CC: States are definitely acting in this area. And I think it’s a real demonstration of how great the need is. States like Georgia, Texas, Oklahoma, California, are making explicit investments in trying to fill the gaps that their communities are seeing. But when you’re approaching $20 billion of federal funding that’s not producing the doctors that states and local communities need, having states with very limited budgets throw more money at a system that has a lot of money in it that could be redirected to to actually meet their needs. States can’t do it on their own.
DG: And Candice, I know that there was a big report from the Institute of Medicine back in 2014 that recommended some pretty big changes to the system. Can you walk us through what those recommendations were?
CC: Sure. The Institute of Medicine, effectively found that the Medicare funding and the way that it’s set up doesn’t make a lot of sense. And so they recommended taking about 30 percent of the total funding back from the teaching hospitals and putting it back into the system to get very specific outcomes, things like focusing on primary care or high need specialties.

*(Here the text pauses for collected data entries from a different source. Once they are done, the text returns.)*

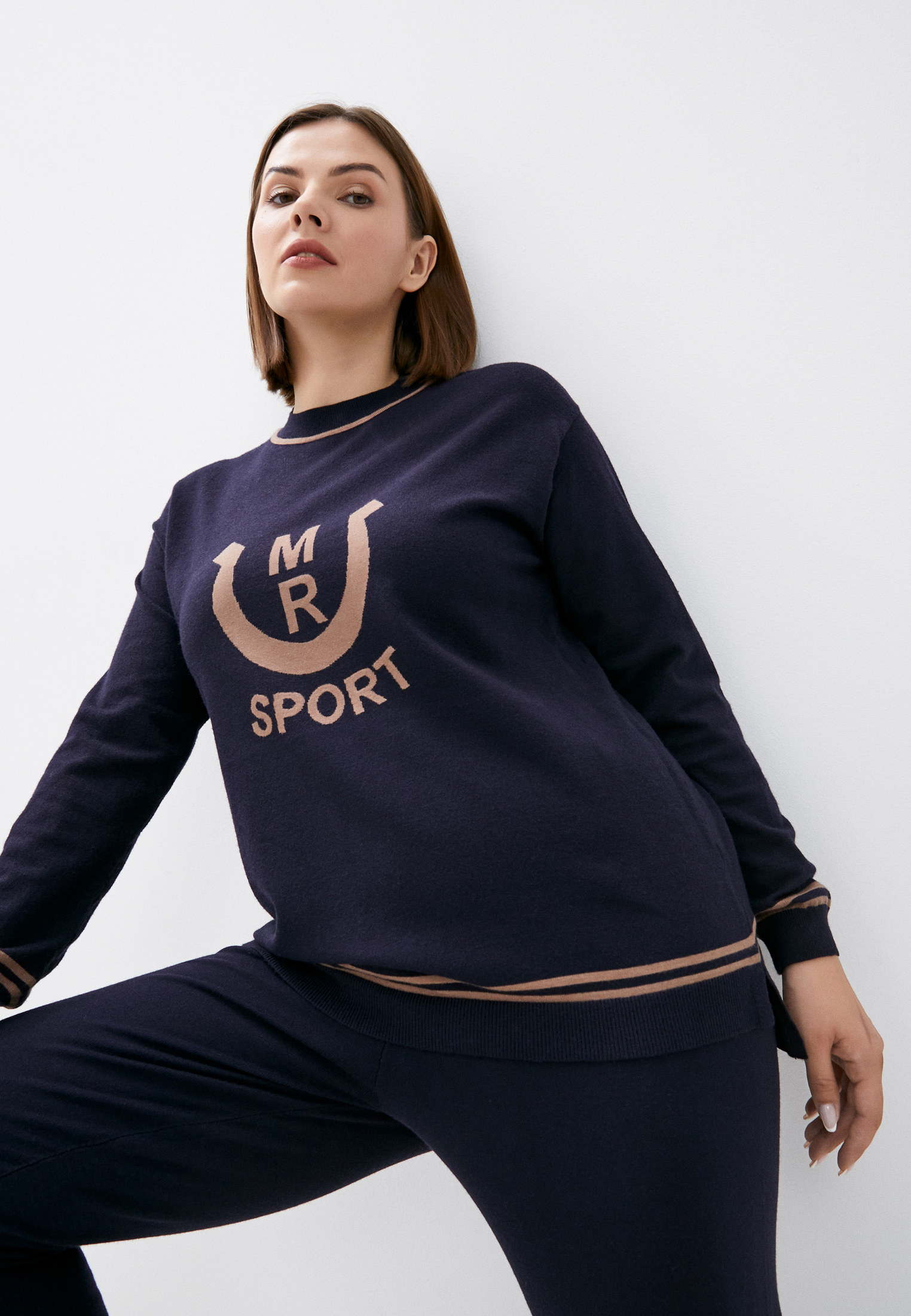 Другой конец спектра Marina Rinaldi коллекция «Sport» — трикотаж, меховые кардиганы, стильные двухцветные пиджаки.
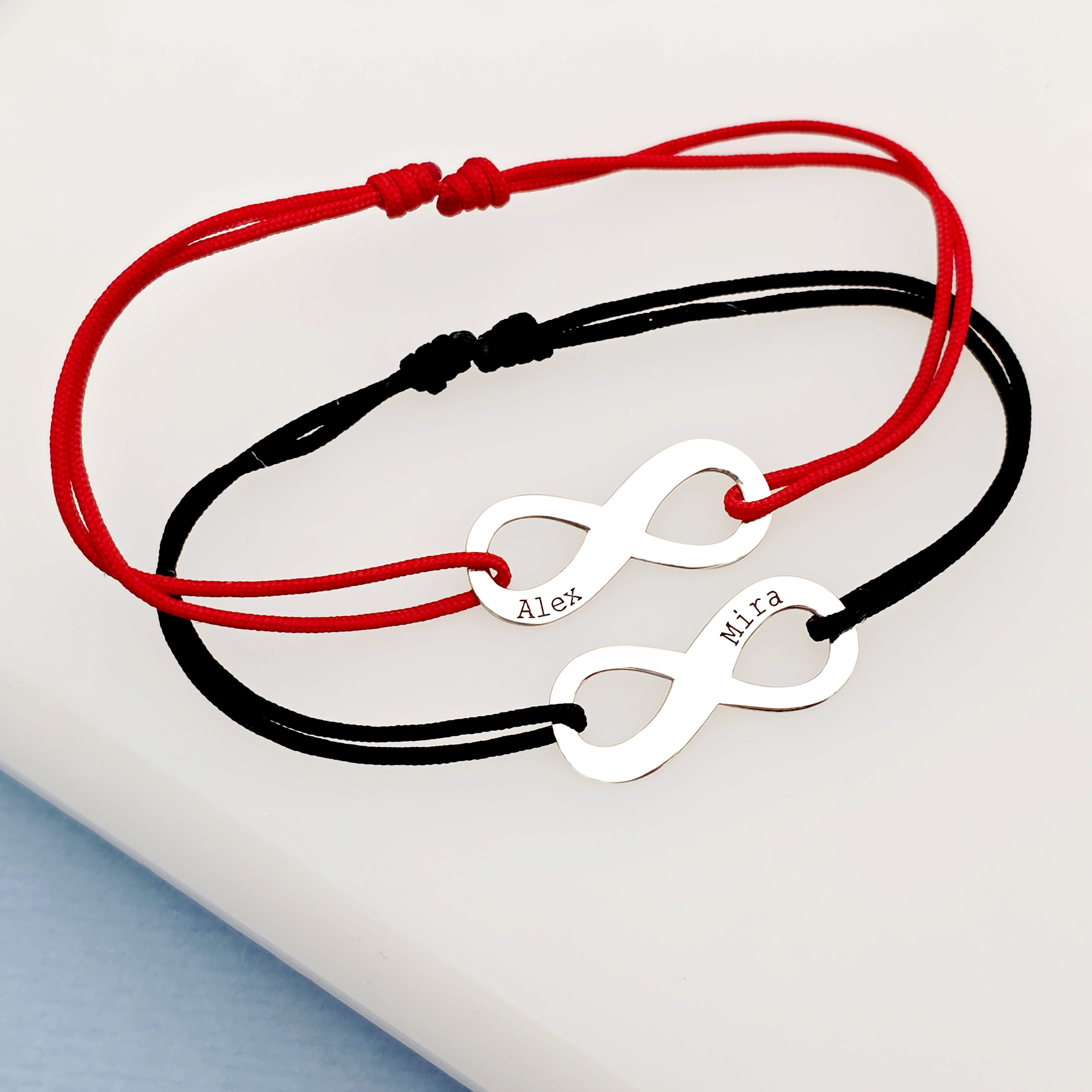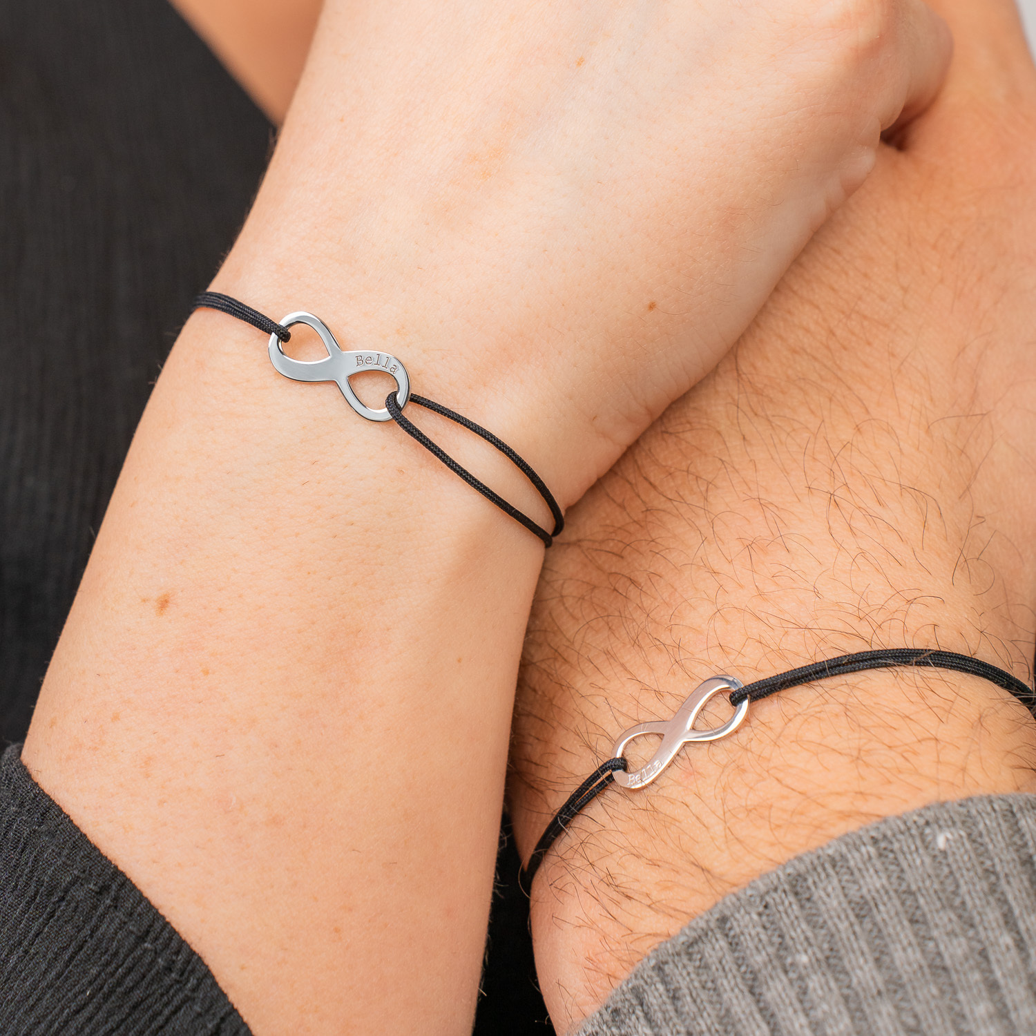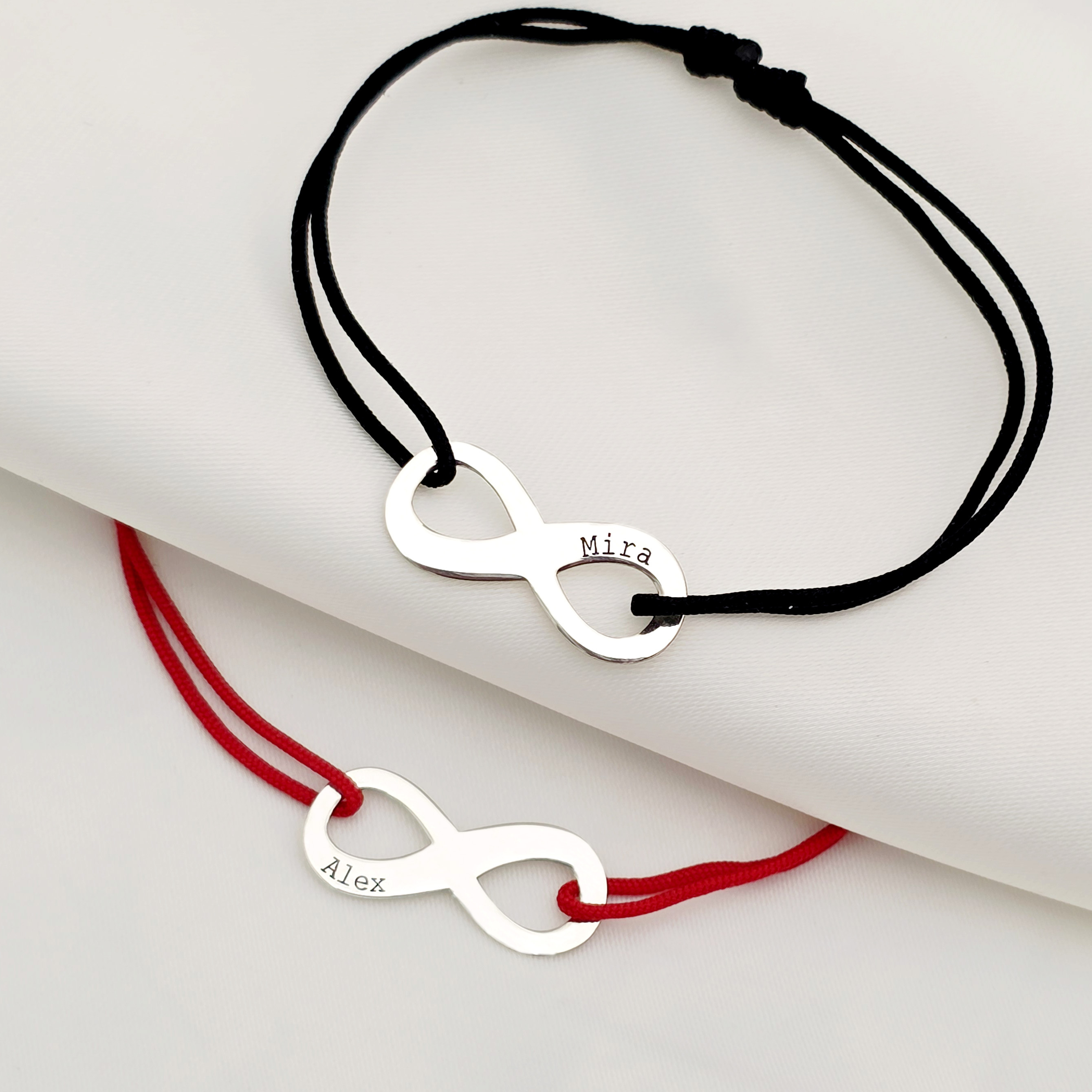 Set 2 bratari personalizate - Model infinit - Argint 925 - Snur reglabil, diverse culori
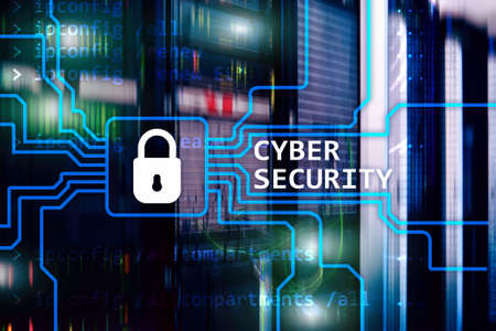 Cyber security, information privacy, data protection concept on modern server room background. Internet and digital technology concept.
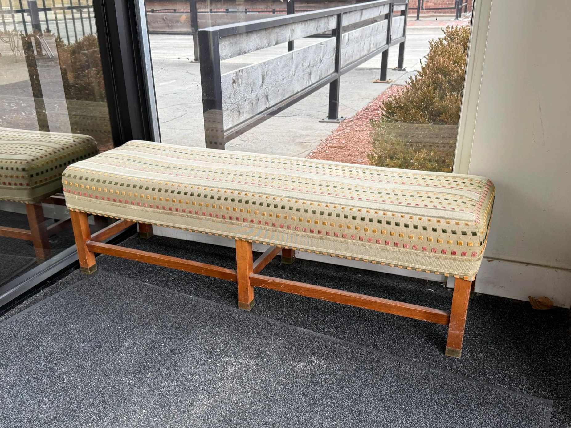 Upholstered cushioned bench.
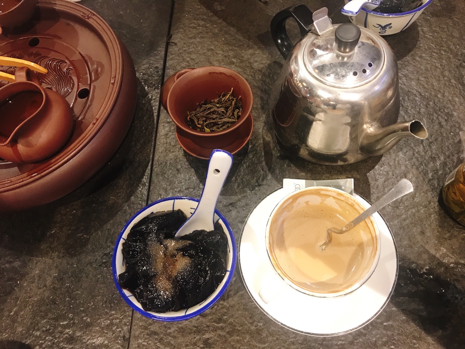 4点的飞机,我们2点就到了机场,机场很小,也没什么正经候机厅,干脆去一家茶室里喝茶玩游戏,小姐姐点了潮汕工夫茶泡白茶,80一壶配2个杯子好贵好贵,大众点评给好评可以送酸梅汤或者草粿,我选了草粿。
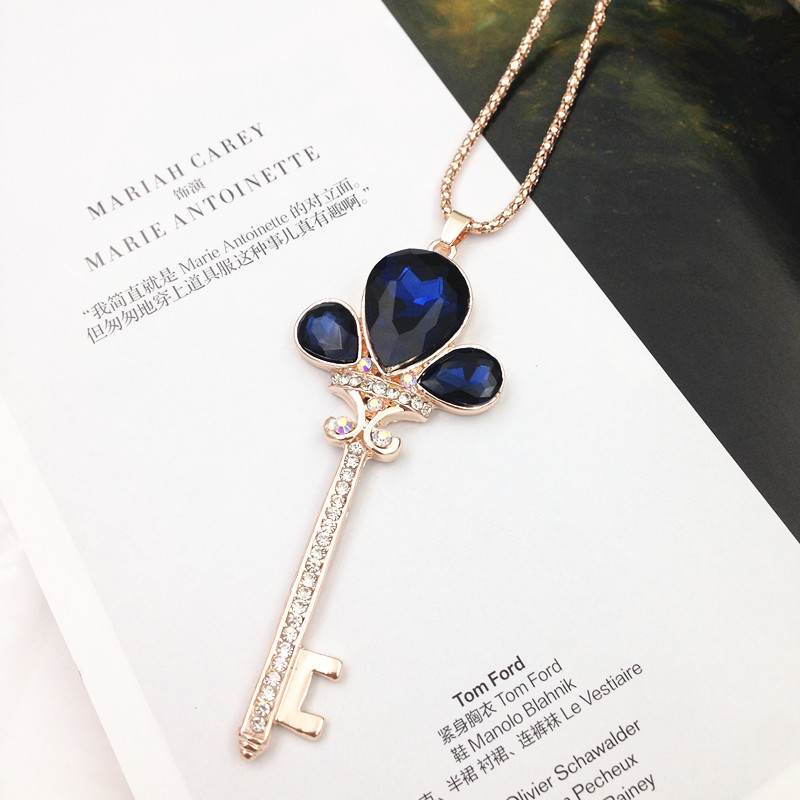 Lacivert Kristal Kedi Gozu Uclu Kolye

DG: Have any of these ideas been tried?
CC: The big reform ideas have not been tried. One of the reforms that we have seen is the Teaching Health Center program and the teaching health center program was established in the Affordable Care Act and, compared to overall about a third of all residents staying in primary care teaching health centers, see over 60 percent of their residents stay in primary care. And then on top of that, they see 60 percent of their residents staying in medically underserved communities or in rural settings. So really good outcomes that show us that if you make smart investments, you can get the outcomes that communities really need.
DG: We talked with Atul Grover from the American Association of Medical Colleges, and he told us that by making changes to how Medicare funds residencies, it’s going to disrupt what happens at academic teaching hospitals, places that lots of us would agree are really important to our health care system. Here’s what he said:
AG: There’s stuff that should be done at the edges, but probably ought not to involve dismantling the basis of the system because our health care system is clunky. But you’re hard pressed to find anybody who would say we don’t have the best clinicians in the world. And I don’t think you want to disrupt that system.
DG: Do you think he’s right about the risks that come with making some of these changes to the funding formula for the residency program?
CC: I understand the fear of pulling back up to 30 percent of the funding, I don’t think anybody is proposing that we stop funding the largest academic medical centers. I think what people are proposing and asking is, can they do it with a little bit less support so that some of that funding can go to really address the inequities that are in the system right now and mean the difference between whether communities have a primary care doctor to go to, whether communities are going to have an OB-GYN or a family medicine doctor who can deliver their baby.
DG: When we think of Match Day, we tend to think of young, bright medical students so excited to find out where their training is gonna go next. This year though, with Coronavirus, Match Day is a reminder of how critical it is have enough doctors to meet the need.
BJ: Really, every Match Day is also about all of us, the patients those doctors will one day serve, or not.
DG: While residency funding is only one challenge to improving access to medical care, research shows it has a clear role to play.
BJ: Big changes would likely disrupt a training system that has produced some of the world’s great physicians. Many believe, though, that some disruption is necessary after relying on effectively the same funding formula for more than 50 years and expecting different results.
DG: Some states like Idaho are already taking steps to get those results. But when it comes to our federal tax dollars, we’re still spending billions on residencies that leave millions of people without access to the doctors they need.
I’m Bapu Jena.
DG: And I’m Dan Gorenstein. This is Tradeoffs.